1 Spray type freeze granulation device 2 Inner tank wall 3 Inner tank wall 4 Outer tank wall 4a Flange part 5 Nozzle 6 Drying part 7 Spraying mechanism part 8 Freeze granulation tank 11 Cellulose powder 11a Cellulose powder hole 11' Cellulose powder 11' a Cellulose powder holes 12 Freezing tank 13 Cooling medium filling tank 14 Vacuum insulation tank 15 Cooling medium supply pipe 16 Cooling medium introduction pipe 21 Gas pipe 22 Cooling trap 23 Gas pipe 24 Vacuum pump 100 Dryer

Claims

Contains petrolatum and cellulose powder,
The cellulose powder is made by agglomerating fine fibrous cellulose with an average fiber diameter of 1 to 1000 nm, has an average particle diameter of 1 to 500 μm, and has a loose bulk density of 0.1 to 300 mg/cm 3 ,
Type B viscosity is 50,000 to 200,000 mPa·s under measurement conditions of 35°C and rotation speed of 3 rpm.
A skin external preparation characterized by:
The solidifying temperature is 36 to 60°C.
The skin external preparation according to claim 1.
the petrolatum is white petrolatum;
The skin external preparation according to claim 1.
The cellulose powder is contained in an amount of 0.1 to 10% by mass.
The skin external preparation according to claim 1.
The moisture content of the cellulose powder is 0.1 to 30%,
The skin external preparation according to claim 1.
The cellulose powder has a specific surface area of 0.1 to 1000 m 2 /g,
The skin external preparation according to claim 1.
The cellulose powder is one in which inorganic fine particles are supported.

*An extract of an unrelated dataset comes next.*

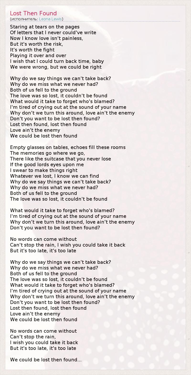 А как ты думаешь, о чем песня "Lost Then Found" ?

The skin external preparation according to claim 1.
the cellulose powder is white or pale yellow;
The skin external preparation according to claim 1.
Contains additives
the additive is a water-retaining polymer or a polyhydric alcohol;
The skin external preparation according to claim 1.
the cellulose powder is porous;
The skin external preparation according to claim 1.